## Problem statement
Give back the data exactly, with no images.

## Data

»»

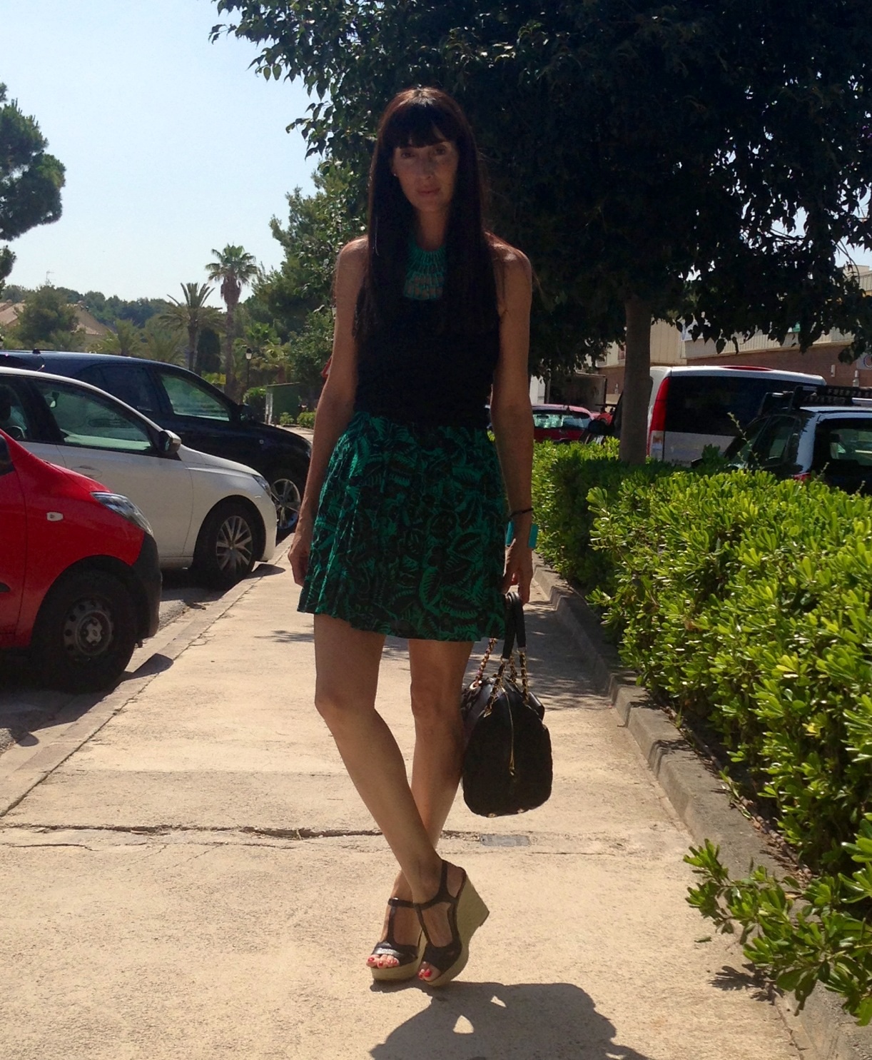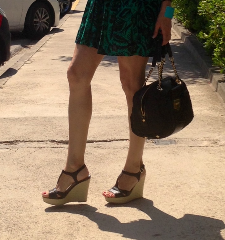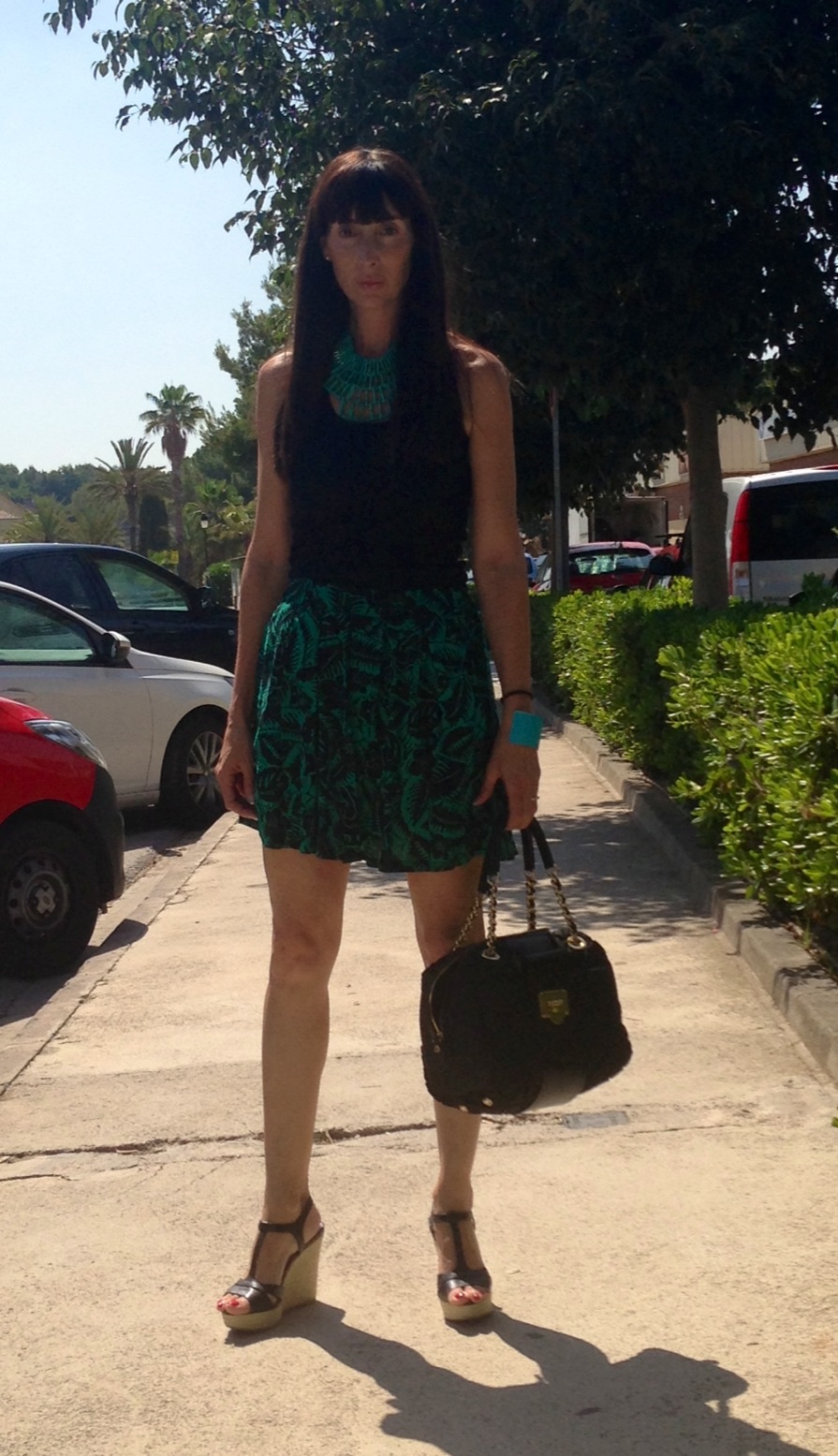 This skirt, bought at Stradivarius, caught my attention by the pattern quite discreet. Combined with the swimmer t give a casual touch. I love heels, stilettos but in summer the best change for wedges that keep the height but are much more comfortable.
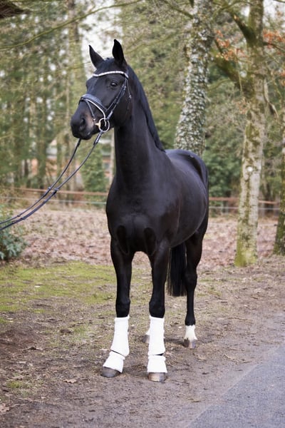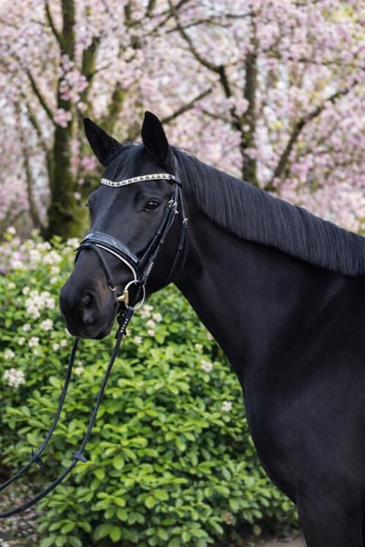 Bildschöne Rappstute - Dressurnachwuchs mit Top-Abstammung Total McLaren × Samarant × Figaro Zum Verkauf steht, direkt vom Züchter, eine 4-jährige Stute (ca. 1,70 m) in besonders ansprechender Aufmachung – ein bildschöner, lackschwarzer Rappe mit viel Ausdruck und Ausstrahlung. Die junge Stute überzeugt mit drei sehr guten Grundgangarten, viel Takt und Elastizität sowie einer natürlichen Bergauftendenz. Sie bringt beste Voraussetzungen für eine weitere Förderung im Dressursport mit. Im Umgang zeigt sie sich sehr menschenbezogen, verschmust und unkompliziert. Sie ist freundlich, aufmerksam und angenehm zu arbeiten. Ausbildungsgemäß ist sie solide anlongiert und kennt bereits Reitergewicht, zeigt sich dabei brav und lernwillig. Eine ideale Nachwuchsstute für Reiter, die sich ein talentiertes junges Pferd selbst weiter ausbilden möchten. Eine typvolle, bewegungsstarke Nachwuchsstute mit viel Potenzial für Sport und Freizeit. Für Schnellentschlossene noch zum Selbstausbilderpreis. Der Preis steigt bei weiterer Ausbildung. Ein guter TÜV liegt vor. Mehr Informationen gerne auch telefonisch unter +49 173 7359633.
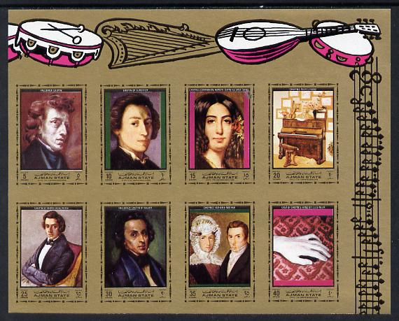 Ajman 1972 Chopin imperf set of 8 unmounted mint, Mi 1320-27B
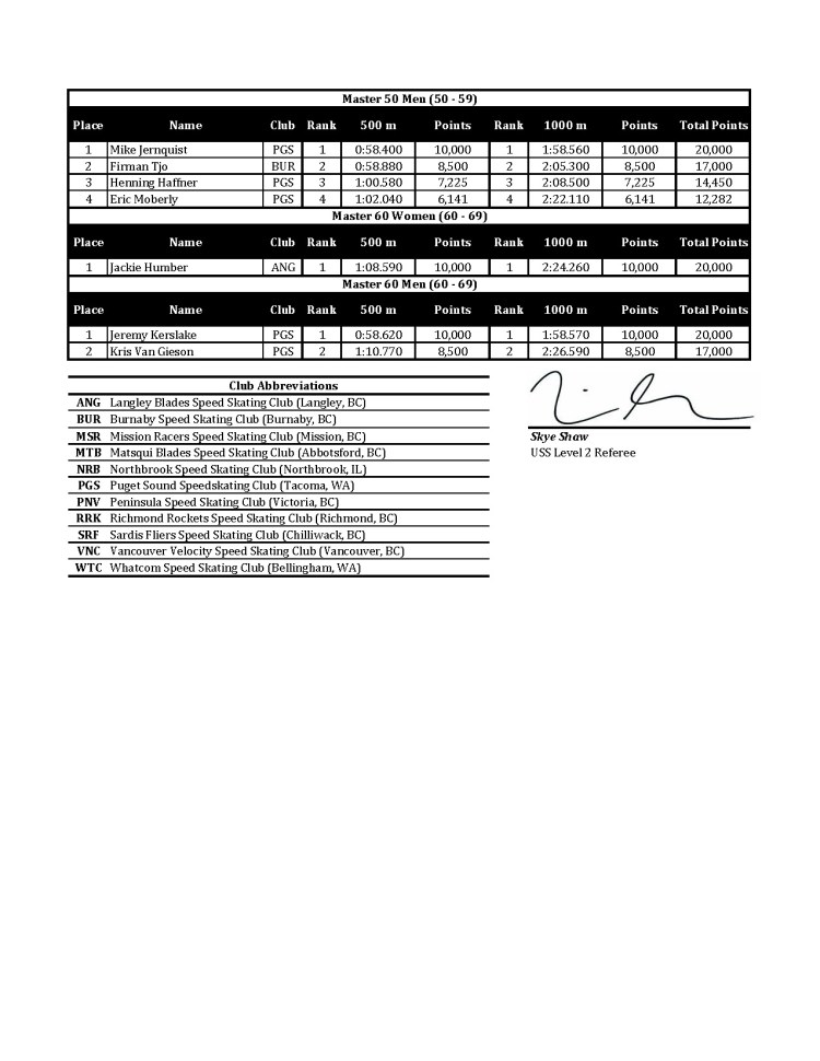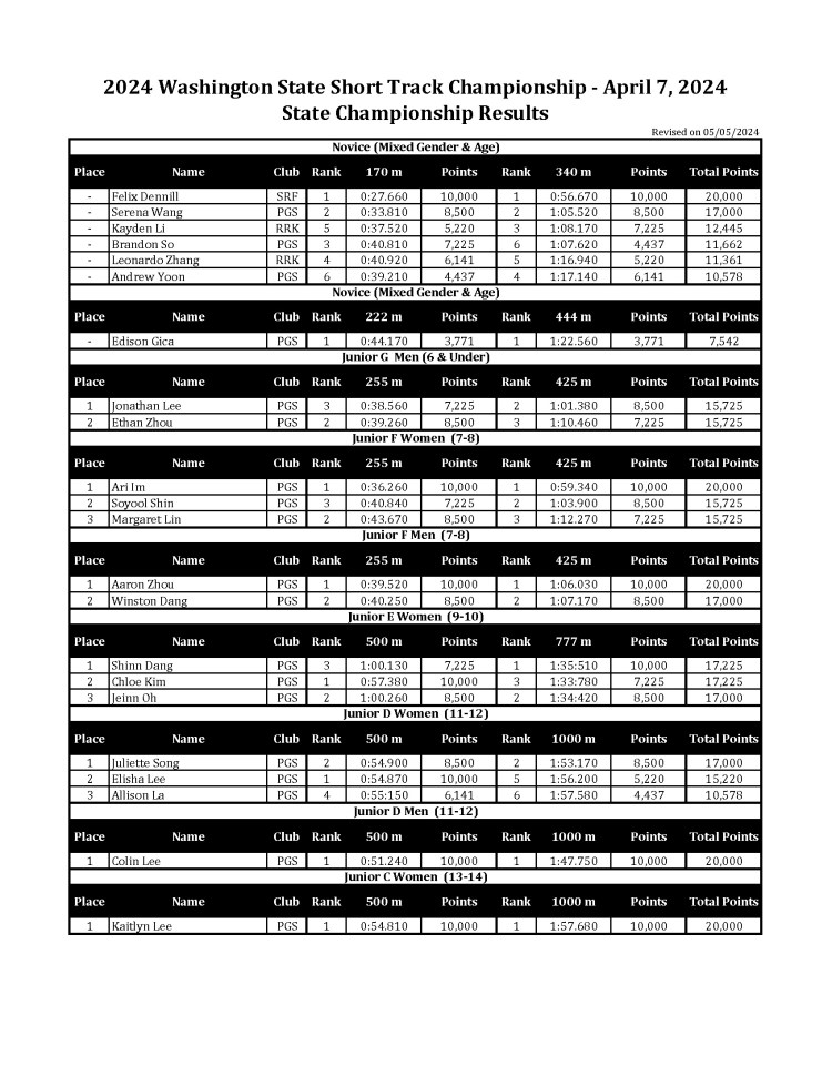 Note: This competition consisted of two events, the Washington State Short Track Championship and the Washington State Short Track Open. The first was open to only Washington State residents and the second was an open international event.

««

## Result for this task
 This skirt, bought at Stradivarius, caught my attention by the pattern quite discreet. Combined with the swimmer t give a casual touch. I love heels, stilettos but in summer the best change for wedges that keep the height but are much more comfortable.
 Bildschöne Rappstute - Dressurnachwuchs mit Top-Abstammung Total McLaren × Samarant × Figaro Zum Verkauf steht, direkt vom Züchter, eine 4-jährige Stute (ca. 1,70 m) in besonders ansprechender Aufmachung – ein bildschöner, lackschwarzer Rappe mit viel Ausdruck und Ausstrahlung. Die junge Stute überzeugt mit drei sehr guten Grundgangarten, viel Takt und Elastizität sowie einer natürlichen Bergauftendenz. Sie bringt beste Voraussetzungen für eine weitere Förderung im Dressursport mit. Im Umgang zeigt sie sich sehr menschenbezogen, verschmust und unkompliziert. Sie ist freundlich, aufmerksam und angenehm zu arbeiten. Ausbildungsgemäß ist sie solide anlongiert und kennt bereits Reitergewicht, zeigt sich dabei brav und lernwillig. Eine ideale Nachwuchsstute für Reiter, die sich ein talentiertes junges Pferd selbst weiter ausbilden möchten. Eine typvolle, bewegungsstarke Nachwuchsstute mit viel Potenzial für Sport und Freizeit. Für Schnellentschlossene noch zum Selbstausbilderpreis. Der Preis steigt bei weiterer Ausbildung. Ein guter TÜV liegt vor. Mehr Informationen gerne auch telefonisch unter +49 173 7359633.
 Ajman 1972 Chopin imperf set of 8 unmounted mint, Mi 1320-27B
 Note: This competition consisted of two events, the Washington State Short Track Championship and the Washington State Short Track Open. The first was open to only Washington State residents and the second was an open international event.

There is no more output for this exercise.